Provided material:

───

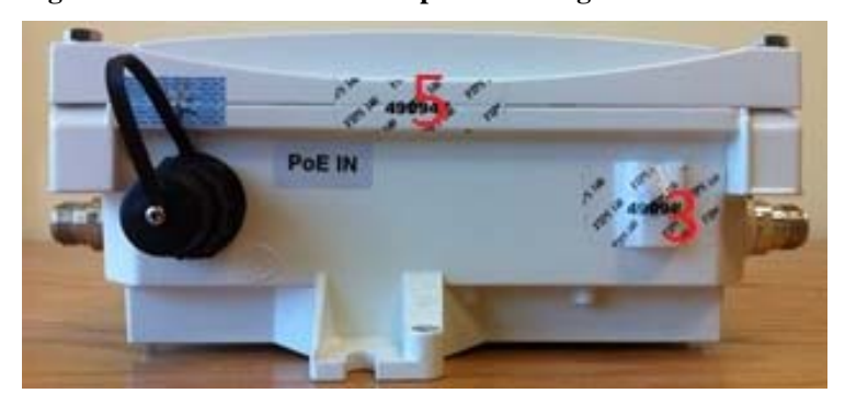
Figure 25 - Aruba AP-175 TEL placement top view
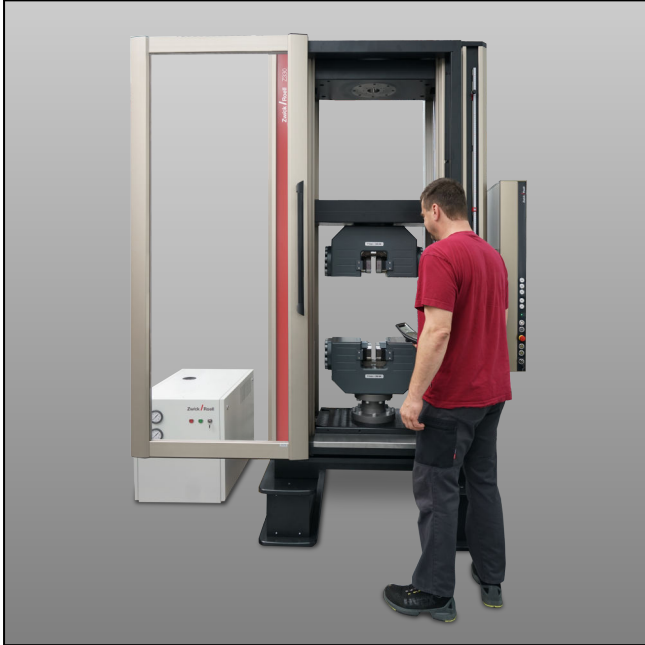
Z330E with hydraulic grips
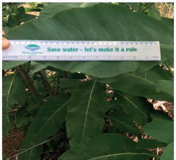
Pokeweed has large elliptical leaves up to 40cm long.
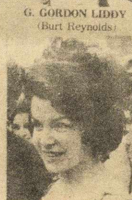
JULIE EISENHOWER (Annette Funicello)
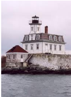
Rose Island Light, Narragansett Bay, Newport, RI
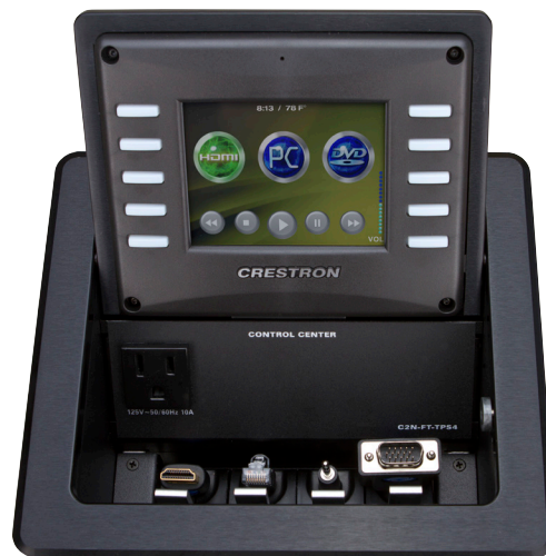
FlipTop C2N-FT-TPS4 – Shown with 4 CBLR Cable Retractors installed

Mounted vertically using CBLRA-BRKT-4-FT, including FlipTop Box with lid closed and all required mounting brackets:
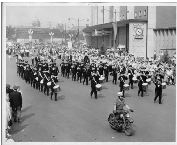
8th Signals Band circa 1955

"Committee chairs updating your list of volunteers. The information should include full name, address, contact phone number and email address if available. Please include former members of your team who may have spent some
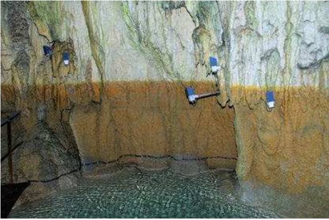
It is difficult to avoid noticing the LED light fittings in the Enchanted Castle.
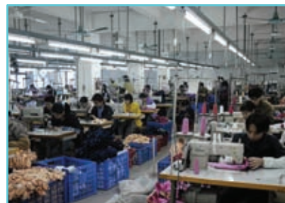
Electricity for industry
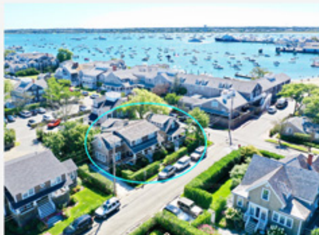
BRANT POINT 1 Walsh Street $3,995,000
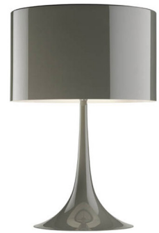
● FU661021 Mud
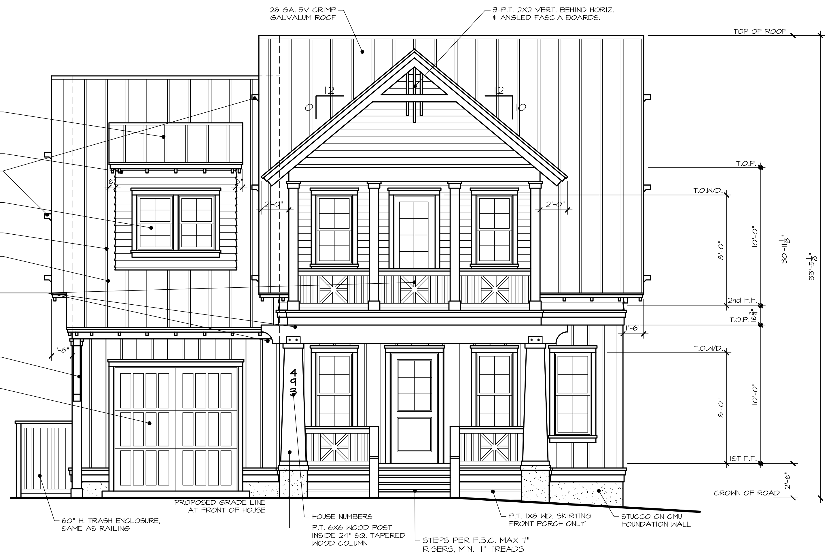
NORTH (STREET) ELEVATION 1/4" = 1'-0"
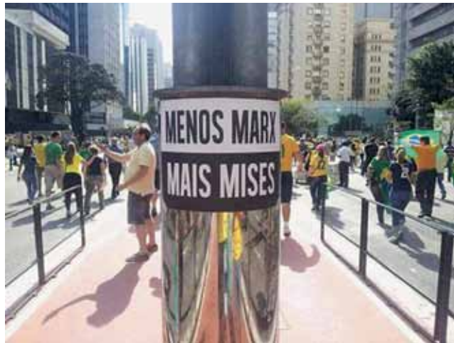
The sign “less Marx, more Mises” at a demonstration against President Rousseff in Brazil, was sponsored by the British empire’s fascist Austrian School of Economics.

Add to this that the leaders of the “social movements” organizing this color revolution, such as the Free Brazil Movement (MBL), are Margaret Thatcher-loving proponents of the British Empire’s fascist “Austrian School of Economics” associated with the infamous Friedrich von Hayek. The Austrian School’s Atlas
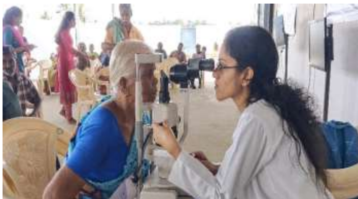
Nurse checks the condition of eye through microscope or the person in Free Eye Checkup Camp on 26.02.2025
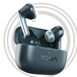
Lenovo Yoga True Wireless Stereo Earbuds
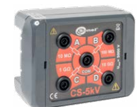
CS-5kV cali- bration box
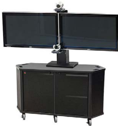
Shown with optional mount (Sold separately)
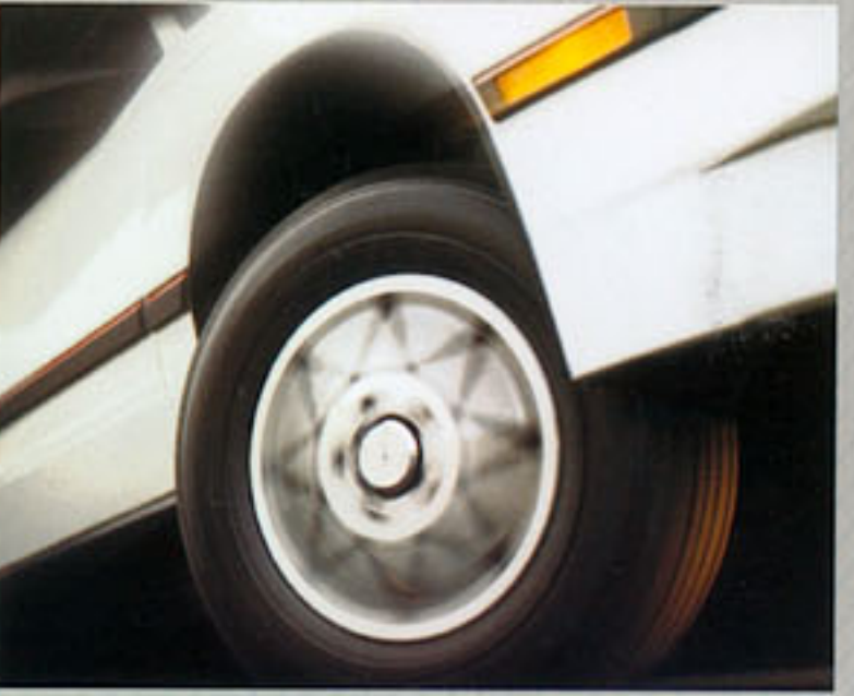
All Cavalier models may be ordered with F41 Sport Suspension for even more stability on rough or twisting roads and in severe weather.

───

What is required: Write out the data once more exactly, omitting the pictures.

Result for this task:
Figure 25 - Aruba AP-175 TEL placement top view
Z330E with hydraulic grips
Pokeweed has large elliptical leaves up to 40cm long.
JULIE EISENHOWER (Annette Funicello)
Rose Island Light, Narragansett Bay, Newport, RI
FlipTop C2N-FT-TPS4 – Shown with 4 CBLR Cable Retractors installed

Mounted vertically using CBLRA-BRKT-4-FT, including FlipTop Box with lid closed and all required mounting brackets:
8th Signals Band circa 1955

"Committee chairs updating your list of volunteers. The information should include full name, address, contact phone number and email address if available. Please include former members of your team who may have spent some
It is difficult to avoid noticing the LED light fittings in the Enchanted Castle.
Electricity for industry
BRANT POINT 1 Walsh Street $3,995,000
● FU661021 Mud
NORTH (STREET) ELEVATION 1/4" = 1'-0"
The sign “less Marx, more Mises” at a demonstration against President Rousseff in Brazil, was sponsored by the British empire’s fascist Austrian School of Economics.

Add to this that the leaders of the “social movements” organizing this color revolution, such as the Free Brazil Movement (MBL), are Margaret Thatcher-loving proponents of the British Empire’s fascist “Austrian School of Economics” associated with the infamous Friedrich von Hayek. The Austrian School’s Atlas
Nurse checks the condition of eye through microscope or the person in Free Eye Checkup Camp on 26.02.2025
Lenovo Yoga True Wireless Stereo Earbuds
CS-5kV cali- bration box
Shown with optional mount (Sold separately)
All Cavalier models may be ordered with F41 Sport Suspension for even more stability on rough or twisting roads and in severe weather.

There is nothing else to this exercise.